Петр Семенович еще долго сидел в кресле у стола и беспрерывно курил. Только сейчас он понял, что Трубкин нарочно не явился на партсобрание. Уже наверняка подробно разузнал повестку дня: у него ведь всюду знакомые и однодневные приятели, как и он сам тоже был однодневным ревнителем чести и авторитета главного конструктора, наклеветал на неповинных людей, заварил целый кавардак — ив кусты. «Ему уже как бы и не обязательно считаться со мной, он же, видите, ратовал за меня, он мне предан, предан до того, что всякого может оклеветать… ради меня!.. Он уже усвоил себе новую манеру здороваться со мной — этак ласково, покровительственно, словно вот я ему чем-то обязан, скажите, пожалуйста!.. И толстощекая его физиономия так подло сияет, что даже противно становится! Фу, как все это тяжко и нелепо!.. Нет, нет, я не потерплю больше вблизи себя этой подлой гладкой рожи!»
Петру Семеновичу вдруг вспомнилось бледное, безмерно несчастное лицо Мельникова в ту минуту, когда он выслушал по телефону приказания Галины. Нет, ни злорадства, ни тем более ненависти Петр Семенович к Пете тогда не испытывал — напротив: в глубине души он даже посочувствовал ему. Так в чем же дело?
«Ох… Этот парень просто мешает мне… ну, вот как гвоздь в сапоге!.. Допустим, некоторое время спустя вернусь к своему нормальному состоянию… Ну, а как же обернутся дальше мои взаимоотношения с Мельниковым? Правда, есть этакий «резиновый» способ как держаться: дело, мол, прежде всего, а больше я ничего не знаю и не помню. Но ведь и я и Мельников все помним и, следовательно, смотреть спокойно или безразлично друг другу в глаза не сможем. Положение каждого из нас различно: мы с Талинкой — оскорбители, а Мельников— оскорбленный нами… Теперь каждый мой шаг, даже самое обычное служебное обращение к нему затруднено и превращается в какую-то нескончаемую напасть!»
Петр Семенович вдруг отчетливо ощутил в себе эту будущую «нескончаемую напасть» усложненно-дурных настроений, которые теперь (долго ли, коротко ли — он не знал!) будут его раздражать и тревожить.

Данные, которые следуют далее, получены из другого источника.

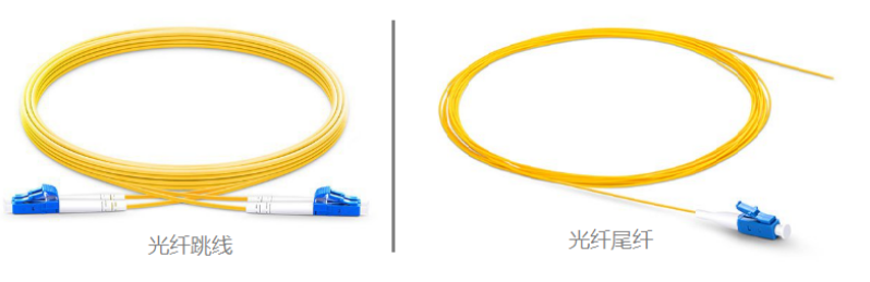 6. 光纤跳线及尾纤,光跳线指两端均有接头的光纤,尾纤则仅有一端有接头。跳线和尾纤都分单芯和双芯两种。

«Но что же делать, черт возьми?.. Самое простое: с глаз долой, перевести Мельникова на другую работу? Нет, так не выйдет: собрание ясно показывает, что с таким решением просто опозоришься во мнении своего коллектива, как мелкий ненавистник. Что же делать? Как быть?»
— Будет, будет тебе дымить, — сказала, входя, Натэлла Георгиевна. — Пора спать… Утро вечера мудренее.
*
— У тебя, дочка, глаза покраснели и даже припухли, — сказала мать Галине за утренним завтраком — Наверно, и голова болит. Дать тебе пирамидона?
— Да, пожалуйста, мама, — попросила Галина, а сама подумала с горечью: «Нет, ты не это хотела сказать, а вот что: «Так тебе и надо, глупая девчонка! Сама натворила, сама и страдай!»
Это новое обыкновение, прежде совсем несвойственное характеру Галины, появилось у нее только за последнее время, быстро укрепилось и даже перешло в странную привычку: искать, особенно в словах матери, какой-то потаенный смысл. Мать, например, скажет: «Сегодня что-то слишком тепло, распахните форточку: ужасная духота!» А Галине уже слышится: «Как душно и нехорошо стало в нашем доме!» Однажды, услышав, как мать в разговоре с гостьей поделилась своей заботой о здоровье Петра Семеновича («Сердце у него пошаливает, да и кровяное давление высоковато!»), Галина опять почувствовала какой-то упрек себе: бывают, дескать, к сожалению, со стороны детей такие поступки, которые заставляют больно биться сердца отцов и матерей — и так без конца.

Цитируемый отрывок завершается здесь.